## Problem requirements:
What is needed is an exact repeat of the lines from the one holding "THE TRIAL OF" through the final line of the data, with no pictures.

## Dataset excerpt:
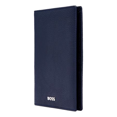 Boss Classic Grained line is characterized by carefully chosen top-grain leathers and minimalist designs. All pieces are skilfully assembled and beautifully finished with crisp chrome signature plates and monogram linings. The designs are available in black, navy and camel. This passeport holder features : 1 currency compartment 4 card slots 1 passport book pocket
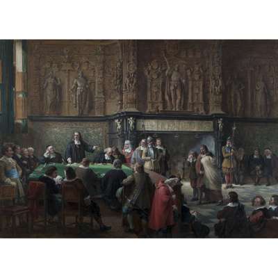 THE TRIAL OF ARMAND VAN DER VELDE IN THE HALL POF JUSTICE IN BRUGES Signed and dated 1881, watercolour
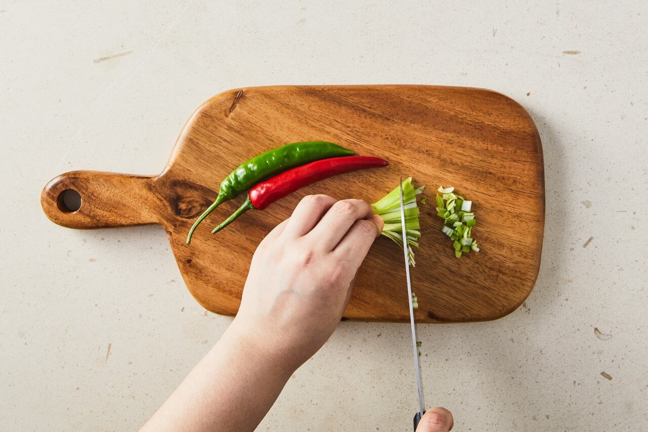 양념장이 들어갈 대파와 청홍고추를 잘게 다져 준비합니다.
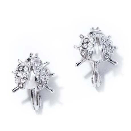幸運を運ぶ虫=レディバードをプレシオサやパールをあしらって、リアルに表現したユニークでエレガントなイヤリング。

## Solution to the exercise:
 THE TRIAL OF ARMAND VAN DER VELDE IN THE HALL POF JUSTICE IN BRUGES Signed and dated 1881, watercolour
 양념장이 들어갈 대파와 청홍고추를 잘게 다져 준비합니다.
幸運を運ぶ虫=レディバードをプレシオサやパールをあしらって、リアルに表現したユニークでエレガントなイヤリング。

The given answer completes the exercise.